Robots becoming 100x cheaper, or humans becoming 100x more expensive.


Unitree sells robot similar to Boston Dynamics Spot for $2700. If you add robotic gripper to it can do things like picking strawberries cheaper than minimum wage worker. Say if robot costs $3500 and minimum wage is $10/hour then robot needs to only complete 43 8-hour shifts over it's lifetime to displace human worker.


That is the basic version. The EDU version which opens more API/interface to the user cost much more. Also training a whole-body (quadruped + robotic arm with gripper) to do something like picking strawberries remains challenging today.


It's challenging but looks like Boston dynamics is able to do that kind of tasks. For instance they have a build in feature for spot with robotic hand that can open a door by turning door handle. And apparently it works with most doors.


That won't work with rain or likely dirt or dust either. They do have a B1 which is shown forging water but it's $100k.

EDIT: page says that's not the real price, but https://www.ground.ghostysky.com/en/product/unitree-b1/ claims 70k€ so who knows.


> Robots becoming 100x cheaper

That is DeepMind succeeding on building robots that can build robots.


Not sure how helpful that would be, I don't think most of the cost of robotics manufacturing is assembly. Precision machining would be part of it, as would actuators and batteries, all of which require their own specialised manufacturing chains that I doubt DeepMind can improve by an order of magnitude. And then of course there's the chips, which are very important and unlikely to drop in cost significantly from anything DeepMind can do. Of course your floor is the cost of materials, which is going to be based on labour and exchange value from mining and refining, particularly of lithium and aluminium, neither of which I think is particularly susceptible to any advances DeepMind is likely to make.
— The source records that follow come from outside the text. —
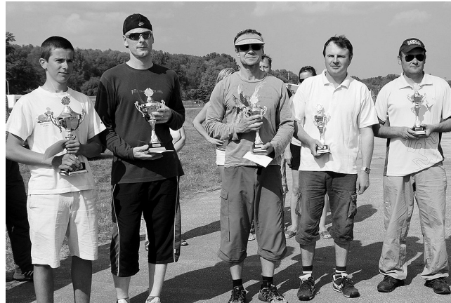
Päť najúspešnejších pretekárov.

Prvý májový víkend sa letisko Aeroklubu Holíč stalo dejiskom ďalšieho ročníka medzinárodnej leteckomodelárskej súťaže rádiom ovládaných modelov kategórie F3J. Tohtoročný World Cup, Eurotour a Holíč City Cup 2009 privítal 63 súťažiacich zo Slovenska, Českej republiky, Nemecka, Maďarska, Poľska, Talianska, Rakúska a Slovinska.
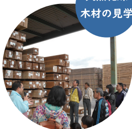
天然乾燥 木材の見学
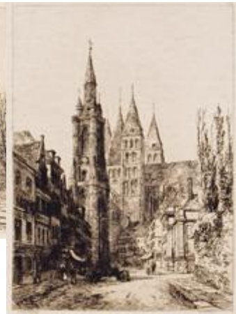
TOURNAI The Cathedral and Belfry PLATE XIII
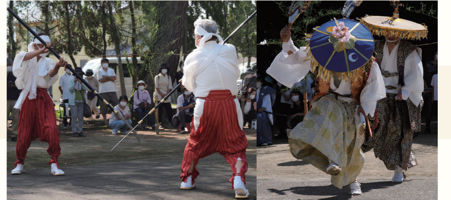
鎌刀(なぎなた)の悪魔払い

滝宮の念仏踊は、陣羽織を着た下知と呼ばれる踊り手が、ホラ貝、鉦、太鼓、笛の囃子と「ナムアミドローヤ」の音頭に合わせて、太陽と月の大うちわを、風で雨雲を起すようなイメージで振りながら踊る躍動感が見どころ。念仏は六つの節があり、それぞれ鉦
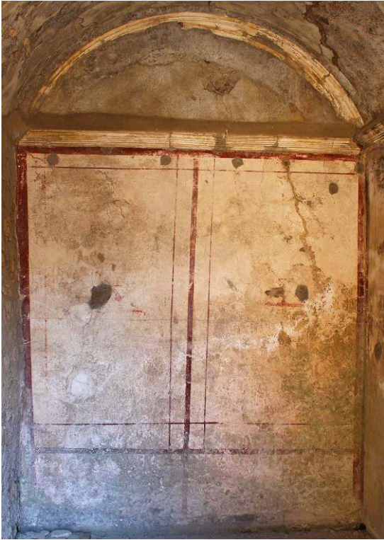
Fig. 02. Casa di Meleagro (VI 9, 2-13), paroi sud du cubiculum 46.
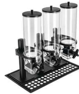
Müslidispenser Hamshire dreifach GN 1/1 53x32.5x56.2 cm (LxBxH) 12 l schwarz 30188241
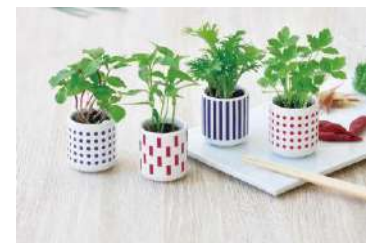
来場者特典イメージ

お葬式の準備や段取り、費用やコロナ渦での対応など、心配なことや不安なことを何でもご相談いただけます。来場者特典として「アニマルハンディモップ」と「トイレットロール」をプレゼント。さらに、ファミリーユ会員様および新規ご入会者様（入会費・年会費無料）には「おちよこで薬味栽培キット」を進呈いたします。
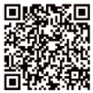
快手：健康时报原创短视频
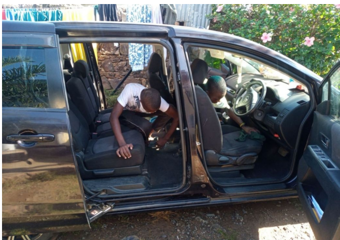
Cistenie auta a dom na dedine.

If someone from twenty years in the future appeared in my living room and informed me with certainty that robots are 100x cheaper in 2043 and asked me how that could be true, my first guess would be that there are significant energy breakthroughs making aluminium and lithium much cheaper as raw materials, and that robots took off as a very popular consumer product and are now sold in quantities between 100 million and 1 billion units every year, driving prices down through economies of scale. I'm not certain that would be enough on its own to get prices down that far, but it would be my best guess.